Leverstock Green is a  suburb in Hemel Hempstead, in the English county of Hertfordshire. It is located on the eastern edge of the town.

Leverstock Green has a school, Leverstock Green Church of England Primary School, cricket club, tennis club, football club (Leverstock Green FC), village hall, shops, pubs and Holy Trinity church. Despite its recent amalgamation with Hemel Hempstead, the old names remain in memory of historical times.

Leverstock Green is a "modern" parish, formed about 1849 from parts of the parishes of St Michael's (St Albans), Abbots Langley and Hemel Hempstead.

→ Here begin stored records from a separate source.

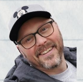
KINGFISHERS SIMON COURT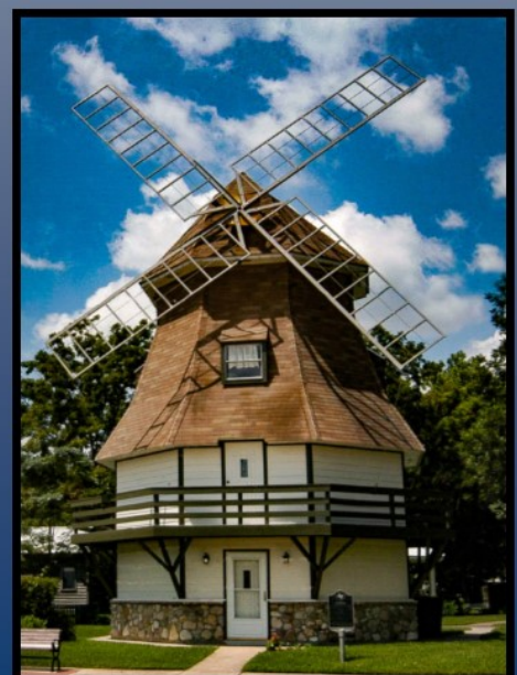
Dutch Windmill Museum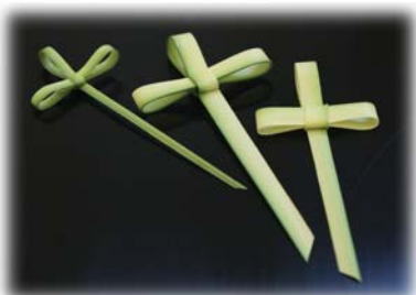
Palm Crosses made by the Sanctuary Guild at last year's workshop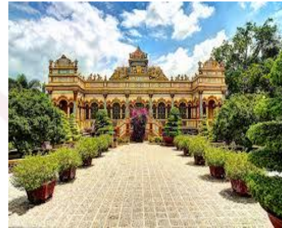
Vin Trang Pagoda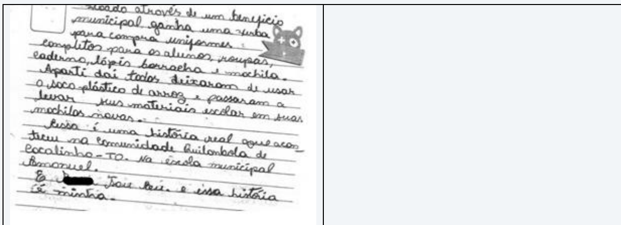
Source: Produced by the student R2.

As it can be seen, the sociocultural context of the student reflects the sociocultural conditions to which peasant students are subjected. In addition, the student reports a real story, lived by her while attending school, ruled by great difficulty and numerous challenges that did not make her give up her studies, contrary to what happens with most young people and peasants .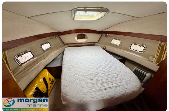
Relcraft Diamond Sedan 30 - berth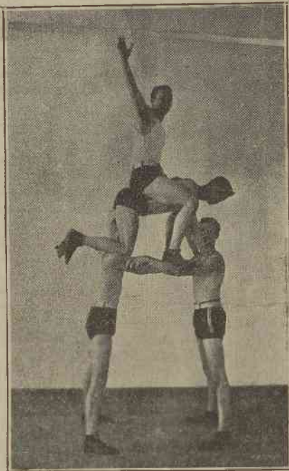
BOOSTERS' CLUB GYM. TEAM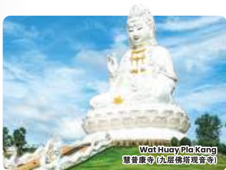
Wat Huay Pla Kang 慧普康寺 (九层佛塔观音寺)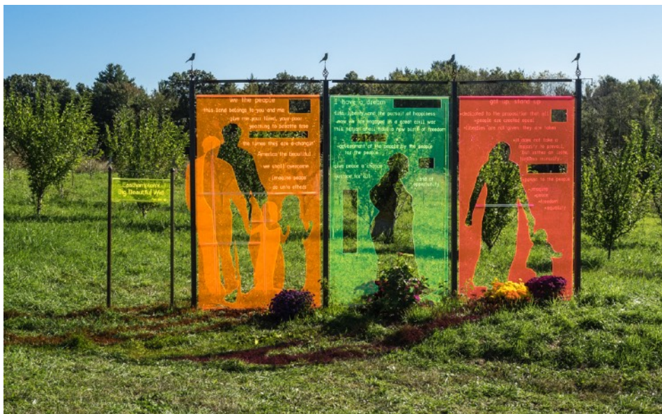
Eileen Donelan captured the colorful and meaningful "Easthampton's Big Beautiful Wall" at Park Hill Orchard.

For the presentation, we will be concentrating on the basic tools used most often. Higher-level tools like filters and plug-ins will be addressed at a future program. There may be some similarities in the workflow, but there are many different ways to achieve great results. There will be time for questions and answers after each demonstration.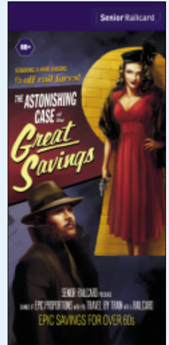
SN08A – Valid from 02 January 2008 to 17 May 2008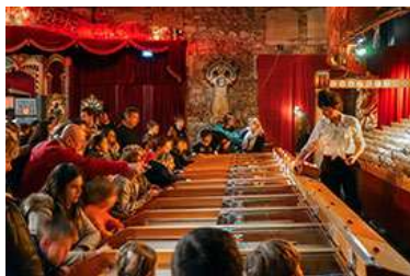
The horse race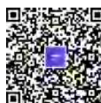
2024 KPMG Sector Insight Yearbook

With a forward-looking approach, we deliver first-hand insights into industry trends and create value for clients through professional collaboration. Access the KPMG Sector Insight Yearbook and specialised reports by scanning the QR code. Let us partner with you to navigate rapid change, embrace innovation, and shape a successful future together.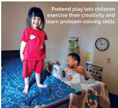
Pretend play lets children exercise their creativity and learn problem-solving skills

GEORGINA LEE , mother of three, aged 7, 5 and 4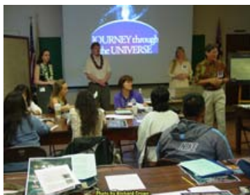
The master teacher training session involved 21 educators from Hilo-Laupahoehoe-Waiakea complex.

The second year of the Carl Sagan Center for Earth and Space Science Education sponsored Journey Through the Universe program on Hawaii Island. The program engages our community in sustained science, math and technology education in a celebration of human exploration: how we have come to know what we know about the Universe, and the joys of learning.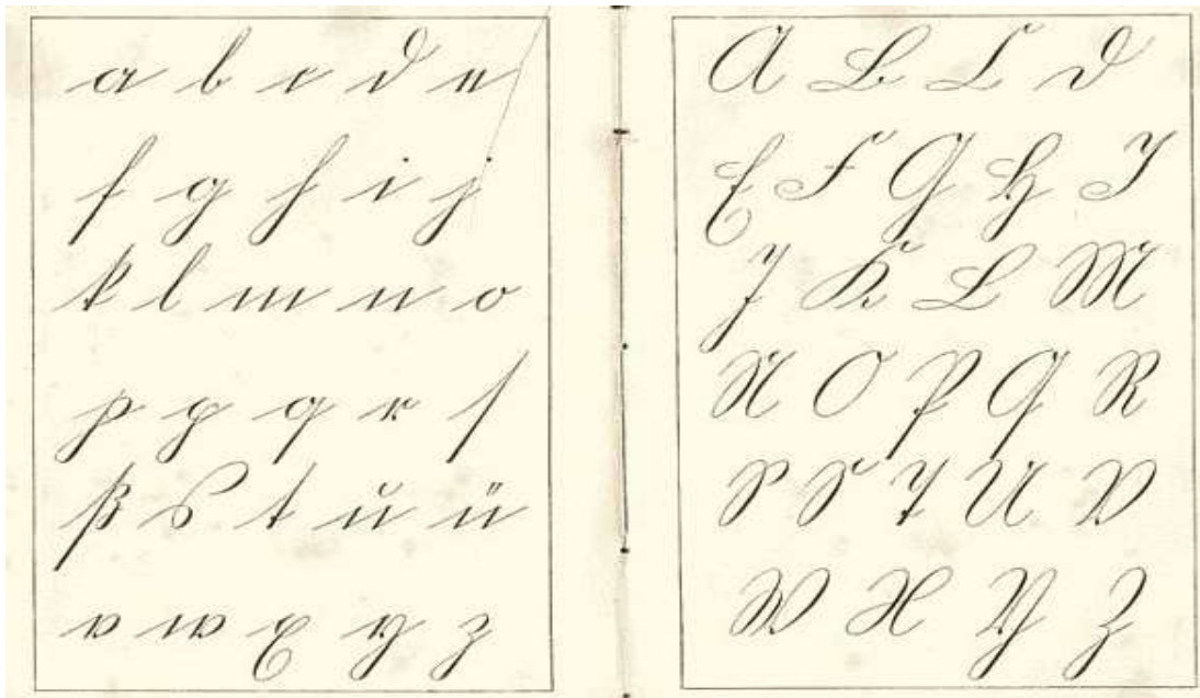
Kurrent (around 1900)

The following is a comparison of three scripts where you can quickly identify parallels.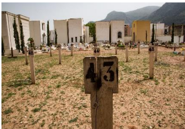
Photo 1 Grave of an unidentified victim of the 18th of April 2015 shipwreck. Castellammare del Golfo, Sicily.

The report is based on 27 semi-structured interviews with representatives from local and national authorities, civil society organisations and individuals. Some key challenges faced by the actors involved in the investigation of migrant deaths have been identified. One of these challenges is the complex nature of the problem. Migrant fatalities represent a complex humanitarian issue that requires an ongoing and coherent response, coordinated among the actors involved. They are a transnational phenomenon and as such there is a need to liaise with a range of actors in different countries. Families of the missing and dead in countries of origin and other European states or elsewhere have to be contacted in order to facilitate identification, as well as to ensure that affected families are at the centre of efforts to address the issue. Similarly, cooperation with consular or diplomatic authorities, international organisations and diaspora communities in third countries are needed to make contact with families.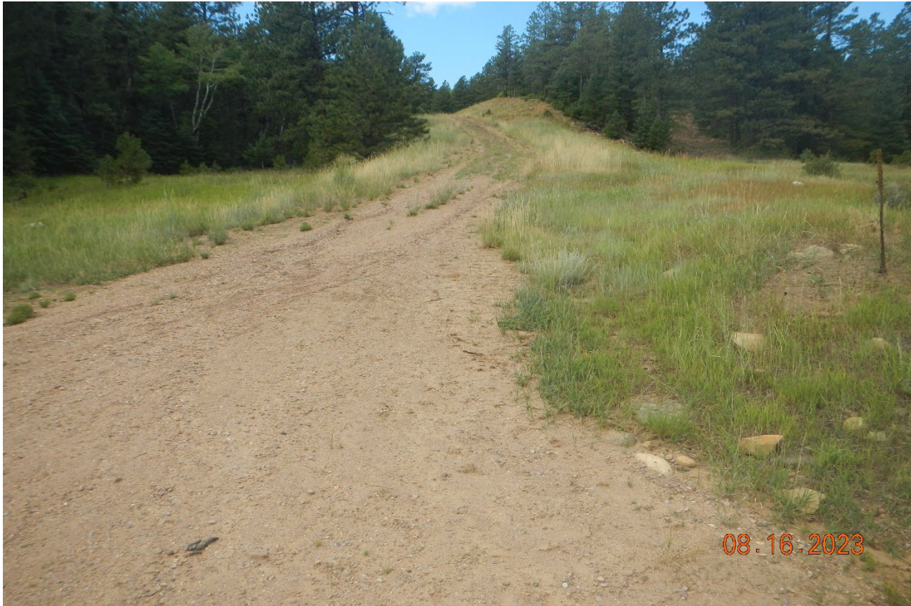
Photo 2. Facing west toward the access road which remains per approved variance.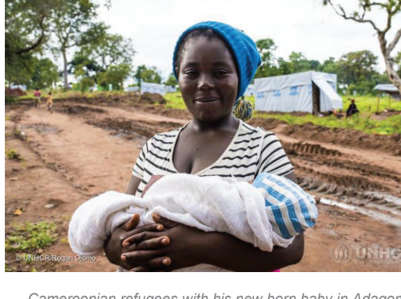
Cameroonian refugees with his new born baby in Adagom settlement.

Cameroonian refugees registered in Adagom settlement, Cross River State [as of 15<sup>th</sup> November 2018]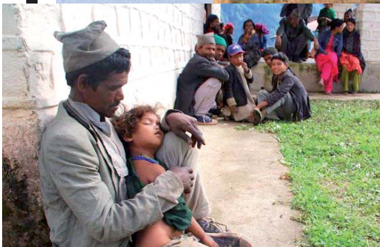
Father and child wait at health camp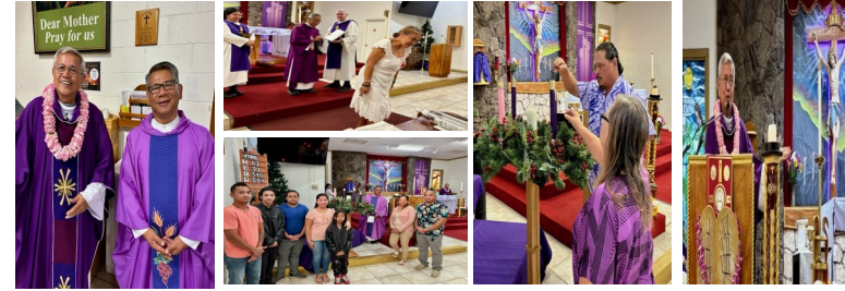
Lighting of Advent Wreath * December 8, 2024 with Visiting Priests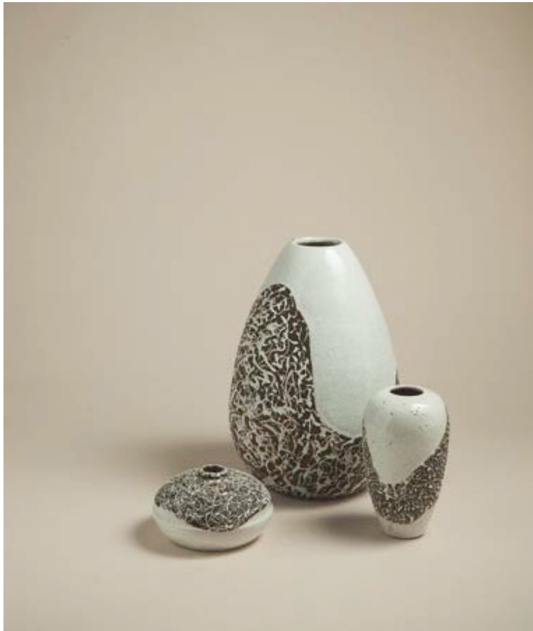
3 Vases, earthenware with dripped enamel, c. 1930, Manufacture CAB, Primavera h 11 in / dia 10 ½ in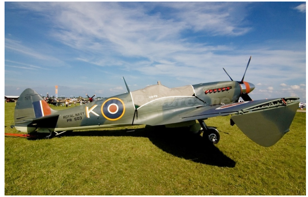
Supermarine Spitfire Mk IX Canopy Cover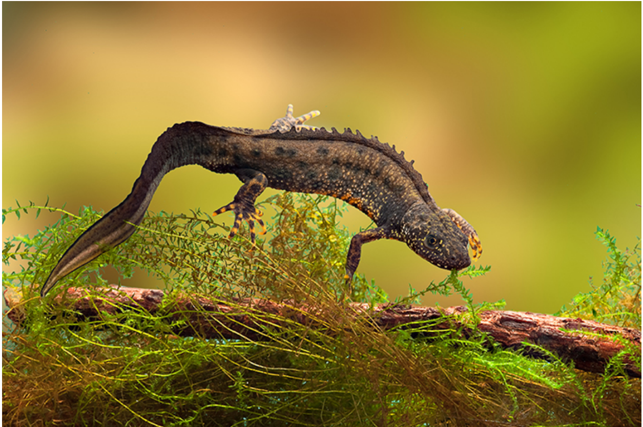
Great crested newt - a UK protected species set to benefit from the recovery corridor.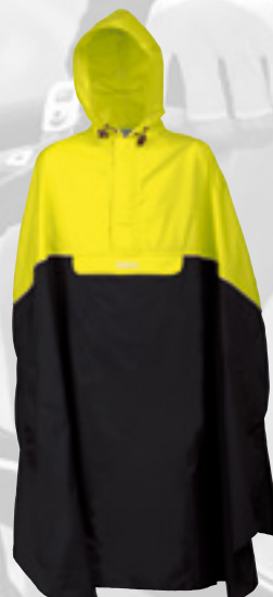
Neon Gelb - Charcoal 3065 - 0880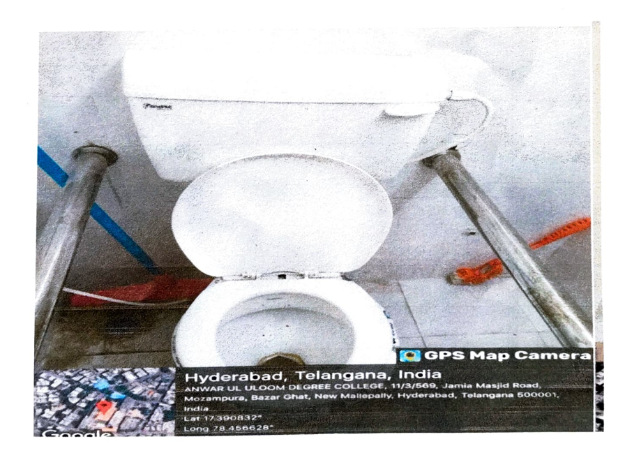
Disabled Friendly Washrooms

Internal Quality Assurance Cell Anwarul Uloom College (Autonomous) New Mallepally, Hyderabad.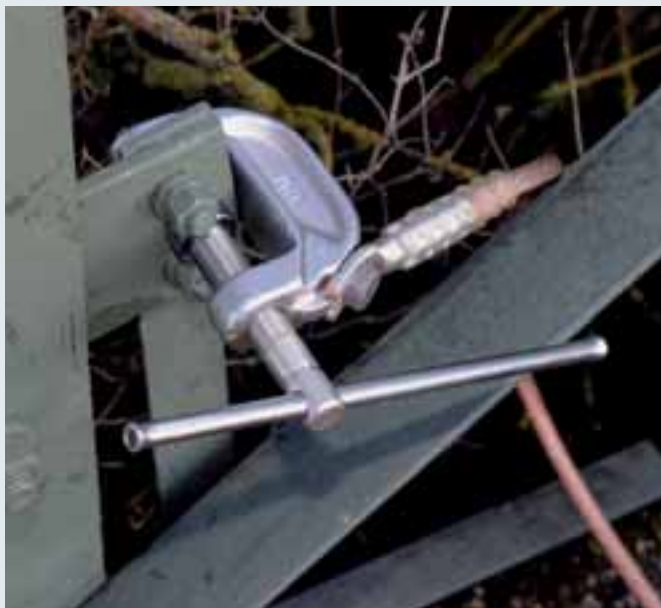
Earth milling clamp used for coated steel masts.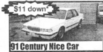
91 Century Nice Car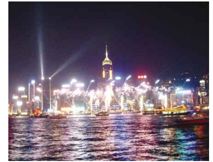
4.8m Light show in a clear dark sky, with no lamp poles or obstructions along the waterfront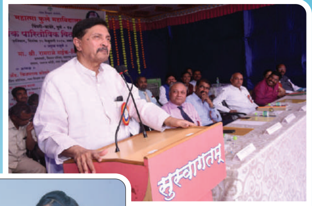
Annual Prize Distribution Ceremony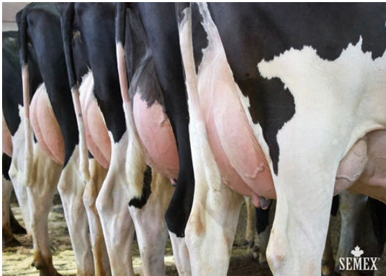
LITTLEROCK DAUGHTER GROUP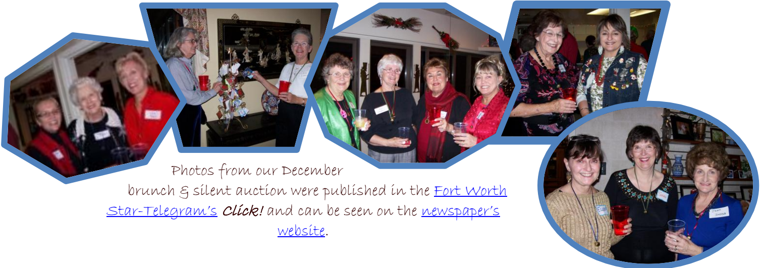
Photos from our December brunch & silent auction were published in the Fort Worth Star-Telegram's Click! and can be seen on the newspaper's website .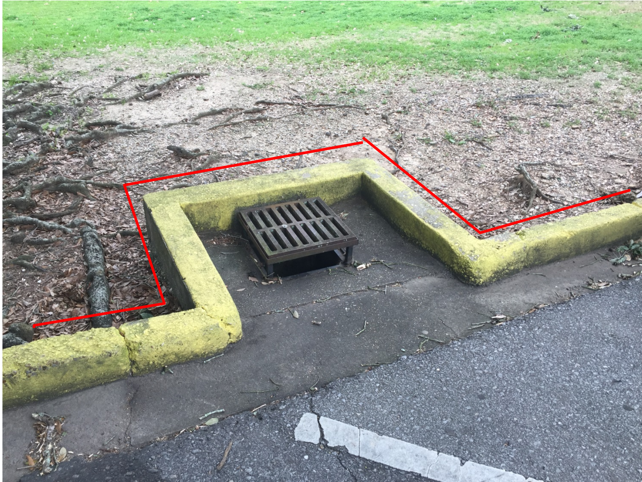
Parking lot drain; with curbing; near parking spaces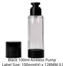
Black 100ml Airless Pump Label Size: 100mm(H) x 128MM (L)

5 – 50 units = $6.54 each 50 – 99 units = 15% discount 100 – 499 units = 20% discount 500 units+ = 35% discount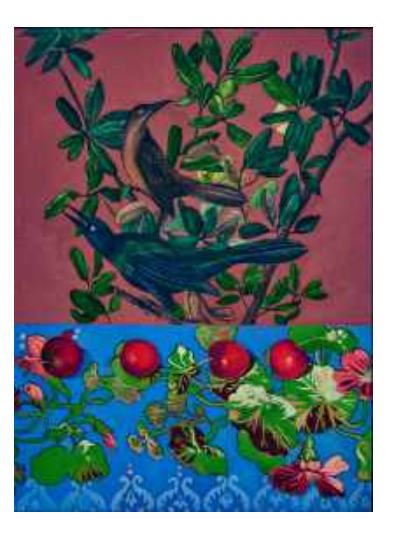
JACKLYN ST. AUBYN RAPTURE, 2015 OIL ON PANEL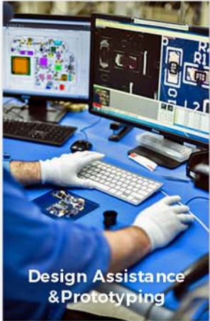
Design Assistance & Prototyping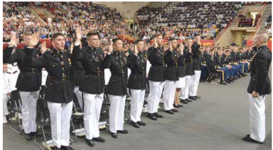
Marine Corps cadets take their oath during the Joint Commissioning Ceremony in Cameron Hall May 15. For more on commissioning, see page 9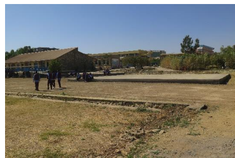
Completed sports work in December

2018: landscaping work and small site improvements were made in all schools. In addition the KG toilets were renovated as they are now more than 15 years old.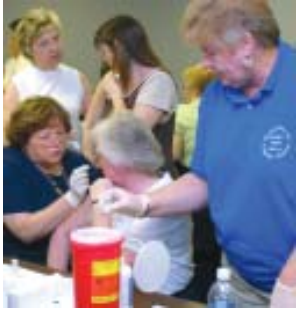
As part of the county's ongoing emergency preparedness efforts, Henrico Health Department staff receive hands-on smallpox vaccine training using a bifurcated (two-pronged) needle and saline.

the vaccination of smallpox response teams. The teams are part of the nation's voluntary vaccination program to protect Americans from the potential threat of a terrorist attack involving the release of the smallpox virus.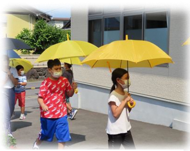
▲ Way of using umbrella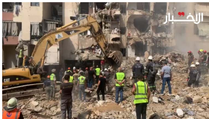
The scene of the attack in the Dahiyeh al-Janoubia in Beirut (al-Akhbar, September 21, 2024)

► On September 20, 2024, at around 4:00 p.m. in the afternoon, the Israeli Air Force struck the Dahiyeh al-Janoubia, the southern suburb of Beirut (al-Mayadeen, September 20, 2024). According to the most recent information from the Lebanese ministry of health (September 22, 2024, as of 4:00 p.m.), 50 people were killed in the airstrike and operations to clear the rubble continue (al-Nashra , September 21, 2024).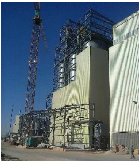
Batch Plant, Johannesburg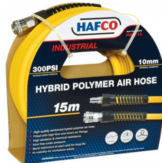
H008 Industrial Polymer Air Hose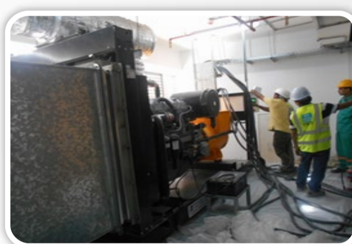
Ground floor Generator testing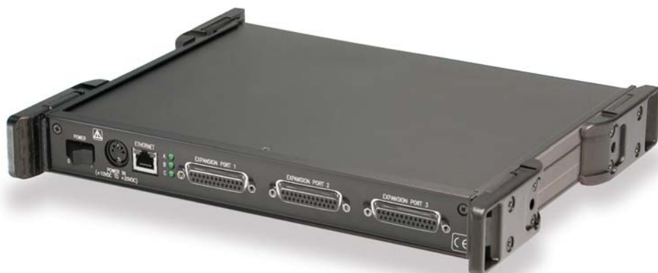
The WBK25 includes one 10/100BaseT Ethernet port and three high-speed parallel ports

If the WBK25 is attached to a shared Ethernet network, then data transfer rates will be dependent on the other network traffic at the time. It is not possible to guarantee maximum data transfer rates in this mode. However, the WaveBook offers internal memory options (WBK30 series) for applications such as this, so that the acquired data can be locally stored in the event that the shared network traffic prohibits the WaveBook from transferring data at the same rate at which it was acquired.

There is documentary and archaeological evidence that people lived and worked in the immediate area of Leverstock Green from the time of the Roman occupation onwards.  Recent research indicates that settlement along Westwick Row may well date back even further to the Iron Age and perhaps the Bronze Age. It seems quite likely that this settlement was a "suburb" of the major Iron Age settlement at Pre Wood just outside St. Albans.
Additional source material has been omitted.